Describe the process of launching the business.

I had a lot of starts and stops with my launching of the product and business since I stepped out into full-time entrepreneurship in 2009. In 2009, my business was mostly HR consulting and in-person speaking and training, and I was exhausted. In 2014, I had a miscarriage. My business nose-dived, and I was depressed. I stepped away from consulting for a year and a half to take a corporate job as the VP of Talent for nearly two years. It helped me heal, but I was reminded again that corporate jobs are not for me, so I left the position and dove headfirst back into entrepreneurship full time.

In 2016, I decided that I would re-launch my blog and community. I took that opportunity to do a rebrand from Blogging4Jobs to Workology and build our own Learning Management System helping provide training, support, and resources for the HR community.

As far as finance, I used the money I’d saved from my job to do the rebrand and our own LMS, which happened in 2016. It gave me a 12-month window to put together a solid product and generate revenue that allowed me to begin to build out a team. We launched our first product, now called UpSkill HR, in 2017, and I transitioned from HR consulting to focus on online training for HR leaders and content development, demand generation, and brand awareness for those in the HR industry who want to reach the Workology community.

You don’t need funding to launch a product or service. Just a good idea that others are excited about and willing to buy.

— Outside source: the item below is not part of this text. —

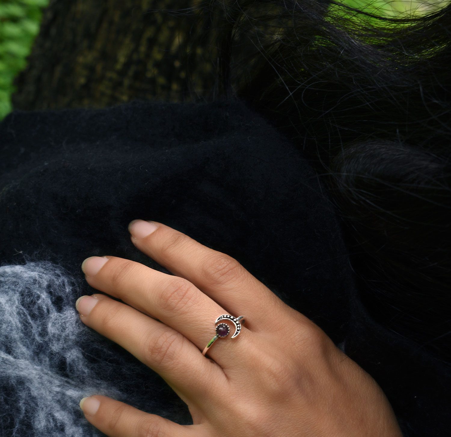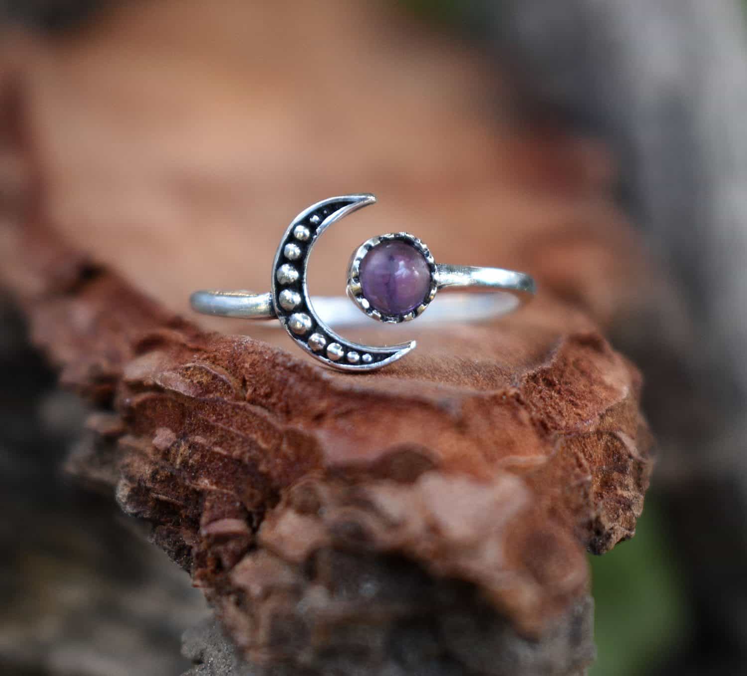 Silver plated Vesper ring. Decorated with amethyst or garnet gemstone. Very easy to clean and maintain when you need.

It’s because of that, my business is very different from many of the products and services you see on StarterStory. Workology offers paid training and coaching but started as a blog, which is why we offer sponsorship opportunities for companies to reach our community. I’m not unlike most influencer businesses in that way, and we operate as an agency as part of our business, creating content and buzz to support our HR and workplace vendors and technology clients.

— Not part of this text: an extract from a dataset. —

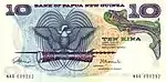 10 | 150×75 | голубой, оранжевый | Парламент Папуа — Новой Гвинеи, герб Папуа — Новой Гвинеи (изображение райской птицы, сидящей на кунду (новогвинейском барабане) и церемониальном копье). | Миска тами, перья райской птицы, кабаний клык из центральных районов Новой Гвинеи, тамбу (деньги из раковин из провинции Восточная Новая Британия). | 2008 |

Since launch, what has worked to attract and retain customers?

The community we have built is the core of our business. When we engage with a prospect, we strive to form a relationship that will be long-lasting. Being in the HR industry, we want to help everyone from the entry-level person studying for their certifications to the CHRO who wants to elevate and grow in their career.

Facebook Ads have been a huge part of our sales funnel. Specifically to drive members to our Facebook group that now has over 8,000 members. We provide resources, free webinars, and connection that then converts to sales. These are a great revenue stream that is repeatable and consistent for us.

Twitter was a huge growth tool that supported Workology back in 2008. From growing relationships to trending hashtags, I have too many Twitter friends to count.

Email campaigns are crucial to our customer journey. We use a CRM called Infusionsoft that takes our customers from start to finish. Starting with a trigger action such as subscribing to our newsletter or purchasing one of the digital courses, we send follow-up messaging to keep engagement there. See the screenshot sample below.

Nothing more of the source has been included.